“She was gone sooner than anybody would have expected,” Aunt Annie said. I turned around surprised and she said, “Your mother.” Then I wondered if the clothes had been the main thing after all; perhaps they were only to serve as the introduction to a conversation about my mother’s death, which Aunt Annie might feel to be a necessary part of our visit. Auntie Lou would feel differently; she had an almost superstitious dislike of certain rituals of emotionalism; such a conversation could never take place with her about.

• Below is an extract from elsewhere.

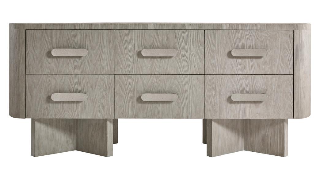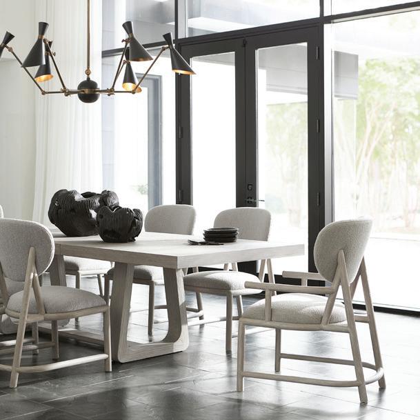 Minimalist in nature with an elevated design aesthetic, Trianon explores the elemental relationship between space, form and material. Clean lines highlight precise curves and perfectly balanced proportions. Open spaces create a sense of lightness within bold structure. Natural, organic textures give the collection a sophisticated earthiness with the tactile richness of wire-brushed pine, chiseled stone and rustic cast aluminum. Hints of multicultural influences blend with refined modernism for a look that feels inspired, curated and worldly.

“Two months after she went into the hospital,” Aunt Annie said. “She was gone in two months.” I saw that she was crying distractedly, as old people do, with miserable scanty tears. She pulled a handkerchief out of her dress and rubbed at her face.
“Maddy told her it was nothing but a check-up,” she said. “Maddy told her it would be about three weeks. Your mother went in there and she thought she was coming out in three weeks.” She was whispering as if she was afraid of us being overheard. “Do you think she wanted to stay in there where nobody could make out what she was saying and they wouldn’t let her out of her bed? She wanted to come home!”

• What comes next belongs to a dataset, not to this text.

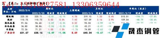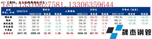 庫存方面,五大品種厚壁無縫鋼管總庫存春節(jié)后連續(xù)累增5周,環(huán)比上周增加22.9萬噸,增幅1%。分品種看,建材庫存增加42.16萬噸,增幅為2.6%;板材庫存減少19.26萬噸,降幅2.5%;分指標看,五大品種無縫厚壁鋼管廠家?guī)齑姝h(huán)比減少6.49萬噸,降幅1%;五大品種社會庫存環(huán)比增加29.39萬噸,增幅1.7%。
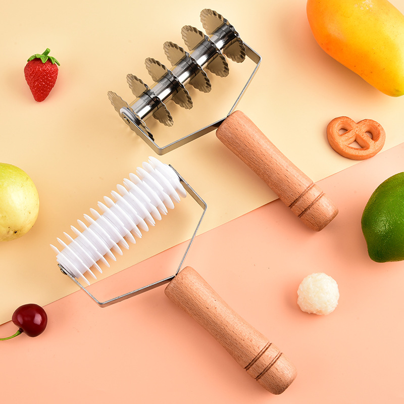 六輪ステンレスピザローラーナイフ木柄パンプルメッシュナイフ麺カッターカッターレースパンケーキ

“But she was too sick,” I said.
“No, she wasn’t, she was just the way she’d always been, just getting a little worse and a little worse as time went on. But after she went in there she felt she would die, everything kind of closed in around her, and she went down so fast.”
“Maybe it would have happened anyway,” I said. “Maybe it was just the time.”

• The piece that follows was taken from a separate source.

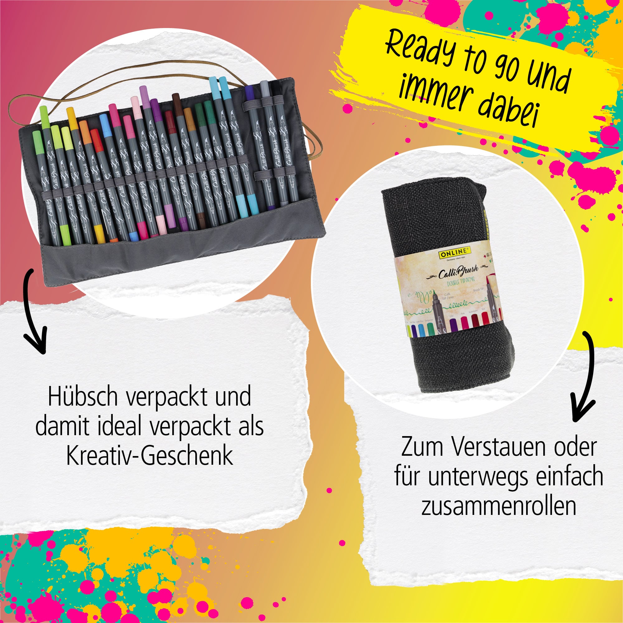 Die Pen Roll ist gefüllt mit 24 Calli.Brush Pens fürs kreative Schreiben. Damit wächst die Lust am kreativen Tun rund ums Schreiben, Handlettering oder vielen weiteren Möglichkeiten. Ideen kreieren und in die wunderbare Welt des Handgemachten eintauchen: diese Double Tip Pens machen es möglich! Die Kombination der dünnen, abgeschrägten Kalligrafie-Spitze mit der breiten Pinselspitze garantiert eine vielfältige und kreative Gestaltung, damit das von Hand Erschaffene eine besondere Wertschätzung erlebt. Die Calli.Brush Pens sind gut für Einsteiger geeignet.

Aunt Annie paid no attention to me. “I went up to see her,” she said. “She was so glad to see me because I could tell what she was saying. She said Aunt Annie, they won’t keep me in here for good, will they? And I said to her, No. I said, No.
“And she said, Aunt Annie ask Maddy to take me home again or I’m going to die. She didn’t want to die. Don’t you ever think a person wants to die, just because it seems to everybody else they have got no reason to go on living. So I told Maddy. But she didn’t say anything. She went to the hospital every day and saw your mother and she wouldn’t take her home. Your mother told me Maddy said to her, I won’t take you home.”
“Mother didn’t always tell the truth,” I said. “Aunt Annie, you know that.”
“ Did you know your mother got out of the hospital? ”
“No,” I said. But strangely I felt no surprise, only a vague physical sense of terror, a longing not to be told—and beyond this a feeling that what I would be told I already knew, I had always known.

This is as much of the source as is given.